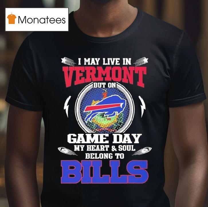 Elevate your casual wardrobe with I May Live In Vermont But On Game Day My Heart Soul Belong To Buffalo Bills 2025 Shirt, as a proud resident of Vermont, my loyalty lies with the Buffalo Bills on game day. The passion and love for my team runs deep in my heart and soul, making me a devoted fan for life. Representing with my Buffalo Bills 2025 shirt brings me pure joy.
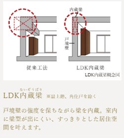 本物件は、高いセキュリティ性とプライバシー性を確保する「内廊下」設計を採用しています。プランは、3LDK ・70平方メートル 超を中心とした全15タイプです。高さ約2,400mmのハイサッシを採用しているため、室内からの視界を広げ、寛ぎのひとときに清爽なゆとりを描きます。また、LDKの内蔵梁により室内に梁型が出にくいすっきりとした居住空間としています。居住階には各住戸専用の宅配ロッカーを完備。邸宅としての美意識を宿した空間設計にしています。
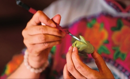 选好枣子后,便进入最为关键和精细的雕刻环节。雕刻师傅手持专用刻刀,以精湛的技艺将枣子划分三方进行雕刻。这一过程共需32刀,每一刀都精准而细腻,使枣子呈现出若干花瓣相连的形态,宛若精美的花篮。随后,师傅们要连枣带核由枣把处将其从内拉下,使花瓣上下三方瓣瓣相套,形成镂空活套的独特造型。这一步骤难度极高,不仅需要师傅们具备熟练的技巧和敏锐的手感,更需要十足的耐心与专注,稍有不慎,就可能前功尽弃。
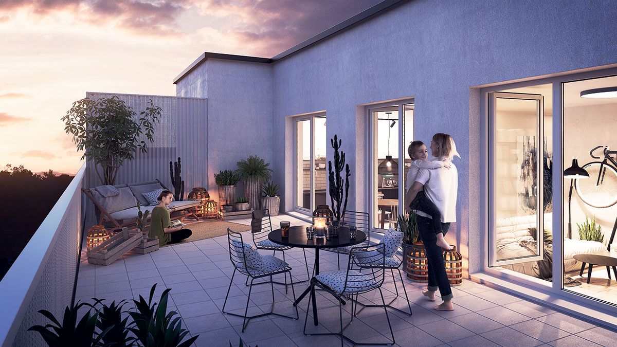 Vizualizácia interiéru a terasy v mezonetovom byte – balkón či terasa bude súčasťou každého bytu
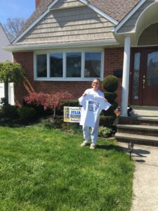 NYSSCOGS and Mudville Softball Presidents, Kathleen and Perry L. Novak, showed their appreciation for the KMHS seniors by sending them each the traditional tournament t-shirt given at the annual event. On Saturday, April 25, Coach Ken Conrade visited Daisha Howard, Samantha O’Donnell, Julia Tarantino, Katie Hand, and Julia Piotrowski to present their shirts, talk with the athletes, and spend a moment visiting with each family from a safe distance.

• • •

TASK PROMPT >> Write the listing out in full, exactly; no images.

RESPONSE BELOW >>
 Elevate your casual wardrobe with I May Live In Vermont But On Game Day My Heart Soul Belong To Buffalo Bills 2025 Shirt, as a proud resident of Vermont, my loyalty lies with the Buffalo Bills on game day. The passion and love for my team runs deep in my heart and soul, making me a devoted fan for life. Representing with my Buffalo Bills 2025 shirt brings me pure joy.
 本物件は、高いセキュリティ性とプライバシー性を確保する「内廊下」設計を採用しています。プランは、3LDK ・70平方メートル 超を中心とした全15タイプです。高さ約2,400mmのハイサッシを採用しているため、室内からの視界を広げ、寛ぎのひとときに清爽なゆとりを描きます。また、LDKの内蔵梁により室内に梁型が出にくいすっきりとした居住空間としています。居住階には各住戸専用の宅配ロッカーを完備。邸宅としての美意識を宿した空間設計にしています。
 选好枣子后,便进入最为关键和精细的雕刻环节。雕刻师傅手持专用刻刀,以精湛的技艺将枣子划分三方进行雕刻。这一过程共需32刀,每一刀都精准而细腻,使枣子呈现出若干花瓣相连的形态,宛若精美的花篮。随后,师傅们要连枣带核由枣把处将其从内拉下,使花瓣上下三方瓣瓣相套,形成镂空活套的独特造型。这一步骤难度极高,不仅需要师傅们具备熟练的技巧和敏锐的手感,更需要十足的耐心与专注,稍有不慎,就可能前功尽弃。
 Vizualizácia interiéru a terasy v mezonetovom byte – balkón či terasa bude súčasťou každého bytu
 NYSSCOGS and Mudville Softball Presidents, Kathleen and Perry L. Novak, showed their appreciation for the KMHS seniors by sending them each the traditional tournament t-shirt given at the annual event. On Saturday, April 25, Coach Ken Conrade visited Daisha Howard, Samantha O’Donnell, Julia Tarantino, Katie Hand, and Julia Piotrowski to present their shirts, talk with the athletes, and spend a moment visiting with each family from a safe distance.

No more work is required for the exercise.